White House Press Secretaries work very hard to save the President from himself (and herself, in the future). The most common of these situations is when the President has been caught “overstretching a euphemism” (to those untrained in diplomacy, “misspoke”, and to plain folk, “lied”). Watching Press Secretaries tiptoeing through the reporters’ questions in the briefing room can leave one amused, pained, angry, embarrassed for the Secretary, or all of the above. Jay Carney, President Obama’s current Press Secretary, appears to have somewhat greater challenges than most.
But what if one of Carney’s children came to recognize that Daddy was frequently not exactly truthful and made a simple wish, “that Daddy would be unable to tell a lie for an entire day”¹ and the wish became true—on the day of the next press briefing!
White House Press Briefing Room
Carney: “I have no opening statement this morning, so let’s just get started. Wendell”?
Wendell: “Can you give us any insight into the President’s complaints about the Supreme Court Justices again”?
Carney: “Well, you know he’s a student of the Constitution…he studied it like an Army general studies and identifies vulnerabilities of our enemies. The President knows all the weaknesses of the Constitution, the Court and the Justices, and he has a plan to defeat them all. Mmn…Chuck”?
Chuck: “Do you mean the Constitution’s failures to provide for all the assistance and protection that all the underclasses need”?
Carney: “Yes; he believes the present Constitution was fine for wealthy white slaveholders in the 18th century. Today, we don’t need any kind of Constitution—our President knows what’s needed, when and how; he can rule the country without any extraneous documents. Helene”?
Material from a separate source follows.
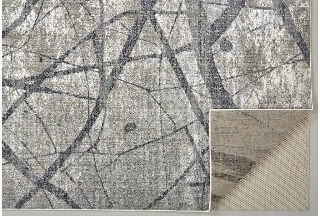 Enhance your living space with the 4'3"x6'3" Natural Abstract Charcoal/Grey Rug. This casual, geometric design in a neutral palette is perfect for any indoor setting. The low pile ensures easy maintenance and a sleek look.

Helene: “But what can the President do if the Court rules against the Affordable Health Care Act”?
Carney: “He doesn’t worry—the bully pulpit always trumps the black robe”.
Helene: “Follow-up on”—(Carney breaks in),
Carney: “Let’s see…Jessica”?
Jessica: “What specific steps does the President plan to take to lower gas prices”?
Carney: “He doesn’t plan to do anything! The country’s gasoline binge is George Bush’s fault. Before Bush, we had plenty of gas and prices were dirt cheap. If the Supreme Court had let Al Gore win, gasoline engine production would have been prohibited in the U.S. by now, and gas prices would be moot. Uh…Norah”?
Norah: “Is the President concerned about the tightening of the polls in his reelection”?
Carney: “Nah—he sleeps well; the fix is in. Hmm…Ed”?
Ed: “Are you telling us there’s going to be an October Surprise?”
Carney: “I suppose so … yes, there’s going to be a surprise. Jake”?
Jake: “Do you know any of the details”?
Carney: “Not a lot; I only know a few of the secre—uh, details. I know the secret Chinese campaign contribution of $900 million is being distributed to Democratic operatives across the country. But I don’t know if the declaration of national emergency and martial law comes before or after the election”.
A commotion ensues at the front of the room, with three White House Staff men tackling Carney, and starting to drag him out of the room by his feet.
Carney: (gasping, his voice raised a full octave) “HE TOLD YOU IT WAS GOING TO BE HIS LAST ELECTION…WHAT DID YOU THINK”? “unintelligible” (his voice trailing, as his body disappears through the doorway.
Wendell: (standing) “I guess this means the briefing is over”?
(Reporters file out of the room, strangely silent).
¹ If the premise sounds familiar, that’s because it has been the basis for three movies in the U.S., plus films in other countries.